If you have anaemia, for example, that can raise HbA1c, and tests between 4.6 and 5.2 don't scream diabetes. But I'm a layperson, so keep seeing your GP and see what they come up with.


----------



## rebrascora (Sep 20, 2019)

Hi and welcome.
Firstly try not to get stressed about this..... 48 is borderline, so there is no major concern at this stage and in fact I would be quite surprised if you were symptomatic at that level unless your finger prick BG was in the 20s, although everyone if different, so it is not impossible, just unlikely. The BG readings that you are getting from your friend's monitor don't suggest you are diabetic and in fact it may even be that stress is responsible for your HbA1c of 48..... I certainly can see how much stress increases my BG levels from regular monitoring.
It is certainly worth reducing the amount of carbs you eat and increasing your exercise. Both of these things will benefit you, whether you are diabetic or not. Carbs are not just sugary stuff like sweets and cake and biscuits but also bread, potatoes, rice, pasta, couscous, breakfast cereals etc and also fruit. Reducing these will almost certainly help you to lose weight especially if you increase your exercise (a brisk 10 min walk everyday is enough it doesn't have to be anything overly strenuous) and that will help you to sleep better.
 As regards you needing to visit the toilet  more often, there is likely another cause for that in my opinion.

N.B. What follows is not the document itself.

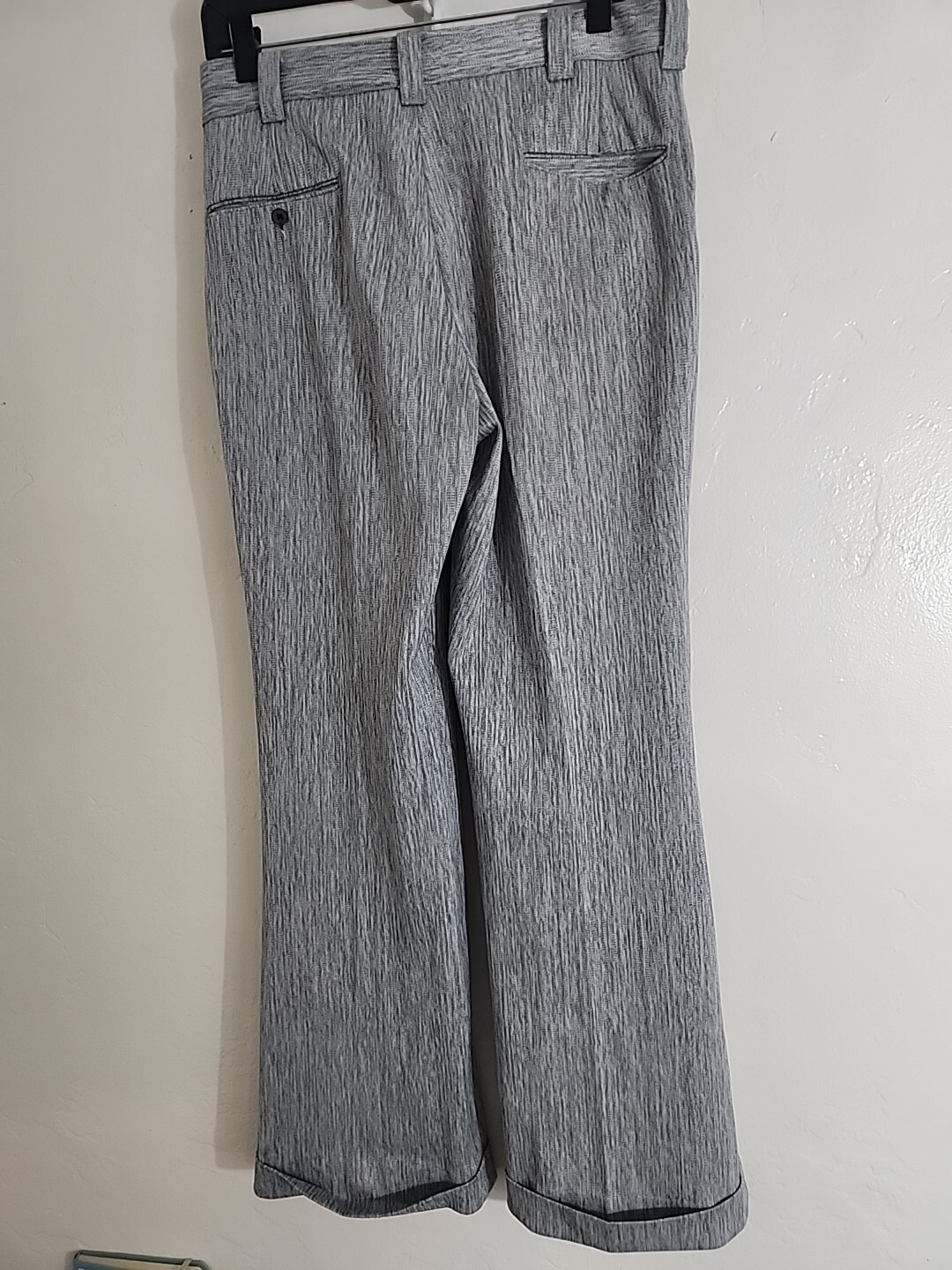 как выглядит vintage gray stripe polyester pants 70s cuffed flare disco 30 1/2 w 30L 1970s фото

When I was diagnosed, I had a raging thirst and the frequent weeing was simply because I was drinking so much to try to quench it (water never tasted so good) and my HbA1c was 112.


----------



## CathyB (Sep 20, 2019)

Hi and welcome, I agree with what the others have said, doesn’t seem enough to cause symptoms and if frequency is your only symptom then there are lots of general things that can cause that, so go have a chat with your doctor to put your mind at rest


----------



## confused & worried (Sep 20, 2019)

I would say the only other symptom i have is my feet ache/ feel hot after work and a bit of a tingle but i still feel pain perfectly normal in them say if i stub them or get in to hot a bath. also i have had a shit couple of months with work and really doing my head in never had to concentrate in a job so much to not get anything wrong doing the hardest jobs i have done also my dog has been poorly and my daughter had a big issue health wise so it just seems to keep coming at the moment. what i do no is i have to sort this out now no more putting it off i am fat and over weight and dont do enough exercise well that must change now and its a change i need to keep up for life.


----------



## Drummer (Sep 20, 2019)

The Hba1c level is just on the lowest possible edge of being diabetic. 
With every thing else that is going on I think it might be wise for you to curtail your carb intake, as it will possibly result in losing weight, increased energy and ability to cope with stress.
I certainly found that over the decades when I was able to low carb as opposed to being put on high carb low fat low calorie diets which only made things worse. As soon as I cut down the carbs I felt brighter in mood and in my thinking, and then my metabolism got going again. As an added benefit I would lose weight and went out more, wanted to be doing things rather than just slump after eating.


----------



## Felinia (Sep 20, 2019)

I think you have been given a wake up call to take better care of yourself so you can be better able to care for those you love, family, pet and yourself.  I wish I had heeded the warning when I was pre-diabetic, and am now Type 2.  Others here have given you advice about dietary changes, so I think you should also look for ways to relax and take some "me time" each day to help your stress levels.  It could just be some simple exercise like walking, swimming, yoga, or breathing exercises.  15 minutes with headphones and your favourite music even.


----------



## KARNAK (Sep 20, 2019)

Hello mate welcome to the forum. A smile for you from the members, good for you too realise change in ones lifestyle matters. Don`t go crazy a little at a time, sh*t happens but we have too get on with it, sorry about your daughter and dog life's a bitch at times. HbA1c of 48 is the parameter of diabetes mine was 156, the Grim Reaper stood by my hospital bed for 3 days soon p*ssed that bas*ard off. I know its no joke and I want you to know we are here to help you, keep in touch please, take care.


----------



## confused & worried (Sep 21, 2019)

update i have thought hard about the last few months about the things i have stressed about and how they caused me to react, my normal meal diet is what i would class as better that average with  good meat and veg but when i am stressed i eat rubbish on top of this food which is always processed and high in sugar so thats one thing i have properly gone to town on in a massive way in the last few months. another thing i have stressed about it something i needed to do for work with regards to clearance its very invasive and i had to do a lower form last year and i couldn't remember putting depression on it as i had suffered a bout before this caused mayhem in my head when i went to bed thinking about all the different things that would go wrong and stopped me getting sleep this started about 3 weeks ago. fast forward to thursday i spoke to my boss about everything that is going on and told him how i was worrying and his response was fantastic put my mind at ease and guess what i went to toilet before bed last night and i never woke up in the night to go and have only been twice today. obviously i am over weight and have elevated levels but do you think i could really just be teatering on the prediabetic range and the last few months have pushed my body to the point i am now? 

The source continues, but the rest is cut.